According to a study done by Sallie Mae, 50% of college students fully expect their parents to help them financially for at least 2 years after graduation. Throwing the kids a bone for a couple years after they graduate might be OK – as long as the rules are clear. But how do you make sure the kids ever get to a point where they don’t need your financial support? In my experience, there are 5 steps:
1. Ask Permission
Since you’re the one writing the checks and/or putting a roof over their head, you might feel that you have the right to talk to them about their plans. Think again.
From a logical standpoint, I actually agree you should be able to butt into their business since you are paying their bills. But the problem is they don’t see it that way. And until they do, your words will fall on deaf ears.
Many kids today see post-college parental support as a parental duty – not a magnanimous gift. If you expect appreciation, you may have to wait a long time to see it. Despite this, don’t exhibit anger. It won’t help you. If you get uptight it could create irreparable damage. Since your goal is ultimately to help them become financially stable, resentments are counter-productive.

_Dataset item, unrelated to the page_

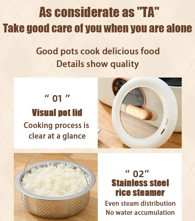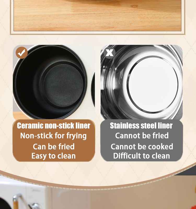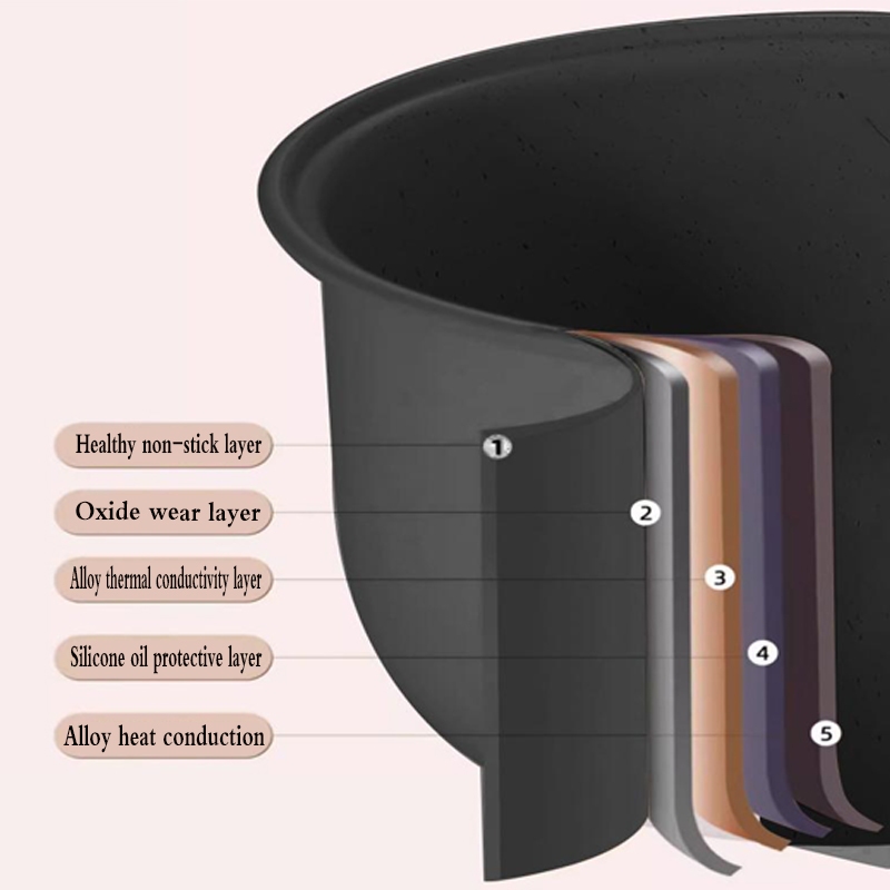 Advanced Non-Stick Lining: Made of food-grade material, it's corrosion-resistant, anti-wear, and heat-resistant, promising durability and easy cleaning. The non-stick surface also guarantees evenly cooked, delicious rice every time.

Instead, ask them if they would like your help formulating a plan for financial independence.
If they do not want your help, ask them what their plan is and when the plan calls for them to be financially on their own – and when they’ll move out. Explain that this isn’t because you don’t want them around. It’s because you know they want to be independent and beyond giving them support now, you want to support that goal as well.

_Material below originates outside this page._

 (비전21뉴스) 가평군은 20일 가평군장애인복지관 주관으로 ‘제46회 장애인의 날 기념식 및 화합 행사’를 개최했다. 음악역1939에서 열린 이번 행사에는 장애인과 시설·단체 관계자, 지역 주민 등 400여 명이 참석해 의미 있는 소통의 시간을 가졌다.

If they don’t have such plan, I suggest you gently tell them that you would like them to come up with a plan within a month. They do owe you that much. Ask again if they would like your help.

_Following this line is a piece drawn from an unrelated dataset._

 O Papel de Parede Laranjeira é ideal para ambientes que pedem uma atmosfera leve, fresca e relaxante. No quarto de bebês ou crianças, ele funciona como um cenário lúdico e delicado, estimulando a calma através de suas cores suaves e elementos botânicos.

After they understand that you mean business, they will likely invite you into their huddle. If they don’t ask for your help and aren’t able to come up with a plan, you might consider asking them to find a new place to live. Tough love could be just what the doctor ordered.
2. The Plan
It’s simple math. Your kids will only be able to stand on their own two feet when their income exceeds their expenses. That means the first step is to figure out what it’s going to cost them to live once they leave the nest. They don’t have to come up with an exact figure – an informed estimate is all they need. Fortunately, it’s easy to gather this information on the net.
Of course they will also need income estimates in order to determine if the plan will work or not. What they should focus on is how quickly they’ll be able to find a job (if they aren’t working now), how much it will pay and how stable that job is. Again, it shouldn’t be that difficult to come up with rough numbers.
3. Turning Points
Once they start putting their plan together, you might see a few opportunities or flaws. For example, let’s say your child got a degree in a field that isn’t very lucrative. If their plan accommodates that muted income, fine. Maybe the idea is to move to a very low-cost state once they find a job and make their numbers work. That’s great.
But if they don’t have a plan that reconciles their income prospects with their cost of living, you’ve got a potential permanent house guest on your hands. That’s not good for you and it’s certainly no good for your child.
This is the point where you come in and point out where their planning is flawed. If it looks dark, you have a responsibility to point that out and offer alternatives. You might even suggest that they go back and study something different – even a trade – that will enable them to have the kind of life they really want.
Going back to school after they graduate is painful for your kid and for you if you’re the one who is going to have pay for it. But having your child stuck in a dead-end career for the rest of their lives is much worse – and much more expensive for both of you.
4. Progress Points
Once your child crafts a strategy that seems to work, you’ll both find it helpful to periodically confirm its working. For example, if the plan calls for your kid to find a job by a certain date and earn a certain amount, it’s important to confirm that they’ve accomplished this.
If not, it’s helpful to determine why not. Are the assumptions too optimistic? Is it time to go back to the 3rd step above and make fundamental changes to the plan? You’ll only know if you meet once in a while to check on the progress.
5. Celebration
If you’ve gotten to this point it means your child has a plan that makes sense and the plan is working. That is wonderful. You should be able to easily identify when they’ll move out and become independent based on your projections.
This is something to celebrate if you ask me. Commemorate the fact that your child accomplished something really important by crafting and executing this plan. This exercise has moved them much further down the line when it comes to their independence; it’s also provided great lessons on planning, budgeting and getting things done.
Do you support your college graduate children? Do they have a plan for moving out? What is it? Is it working so far?